JAKARTA – PBNU dikabarkan akan menggelar rapat pleno, hari ini, Kamis (29/1/2026). Surat undangan diteken langsung Rais Aam KH Miftachul Akhyar.
Undangan tertanggal 28 Januari 2026 itu, mengajak PBNU untuk mengikuti pleno yang digelar di Kantor PBNU Kramat Raya, pukul 16.00 sampai dengan selesai.
“Kalau pemimpin tertinggi (PBNU) sudah mengambil keputusan seperti itu, apa pun alasan yang melatar belakanginya, ya harus diterima. Suka atau tidak suka, benar atau tidak benar. Kita harus taat asas. Ini organisasi, jangan maunya sendiri,” tegas seorang sumber dilansir duta.co.
Kabar terbaru KH Yahya Cholil Staquf konon sudah sowan ke Rais Aam di Surabaya. Intinya Harlah 100 tahun NU di Gelora Bung Karno (GBK) Jakarta jangan sampai gagal.

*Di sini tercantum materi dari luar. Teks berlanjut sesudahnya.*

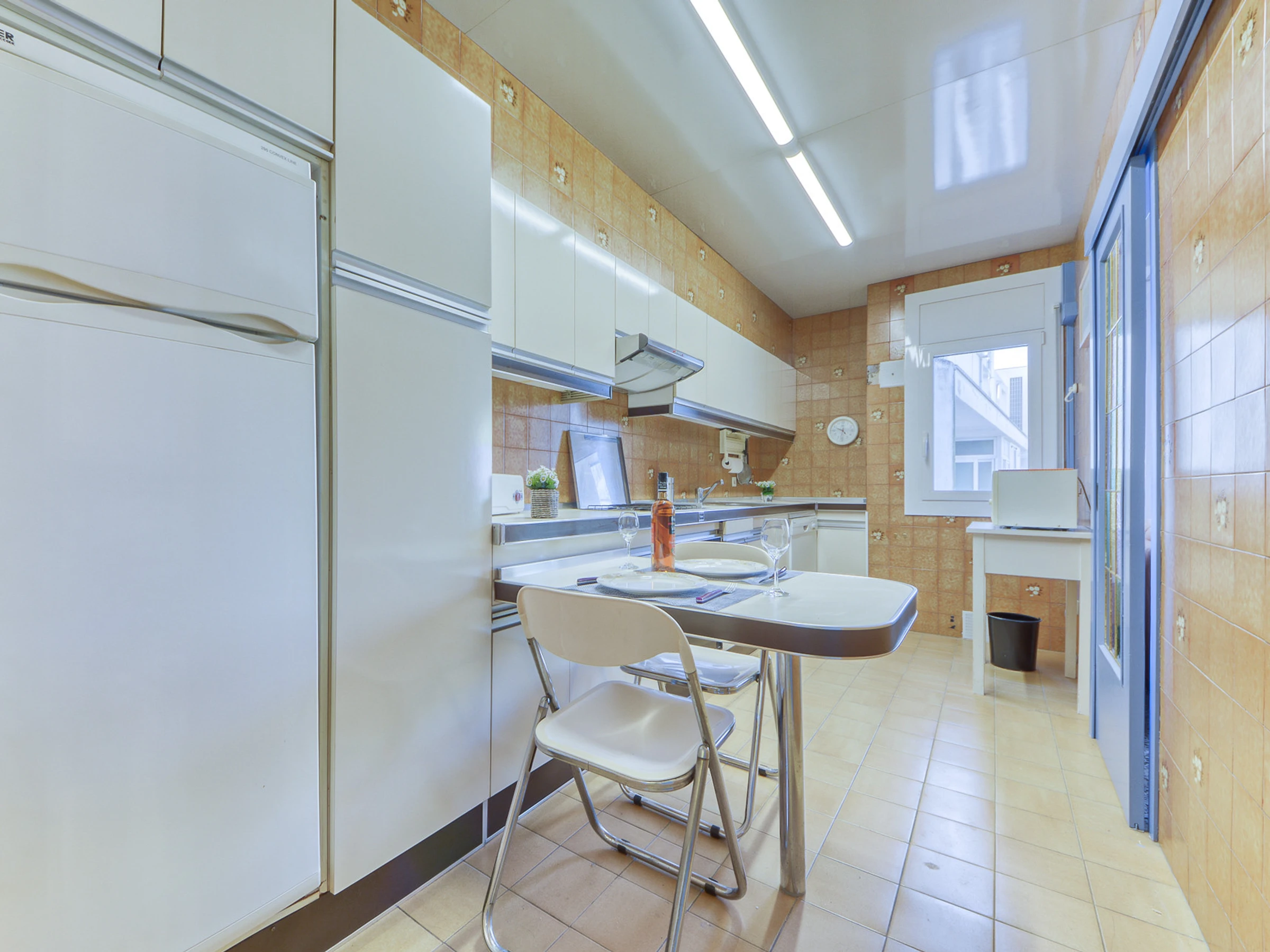 La cuisine est indépendante et entièrement équipée d'appareils modernes, dont réfrigérateur, micro-ondes, four, congélateur, lave-vaisselle, vaisselle, couverts, ustensiles de cuisine, cafetière et grille-pain. De plus, un fer à repasser et un lave-linge sont fournis dans l'appartement pour plus de commodité .Air conditionné

“Sementara Rais Aam merasa dicatut namanya. Maka, ketika tahu jelang acara, beliau memberikan syarat, bahwa pleno harus dilaksanakan terlebih dahulu. Pun undangan harus diteken empat orang, jajaran syuriyah dan tanfidziyah. Di situ sekaligus mengembalikan posisi Gus Ipul (H Saifullah Yusuf) sebagai Sekjend PBNU,” terang sumber tersebut.
Nah, dalam pleno nanti akan ada legalisasi baru, bisa jadi membatalkan (menasakh) keputusan Rapat Pleno sebelumnya dengan mengembalikan posisi Ketum PBNU kepada Gus Yahya, misalnya. Sementara jabatan Sekjend harus kembali ke Gus Ipul.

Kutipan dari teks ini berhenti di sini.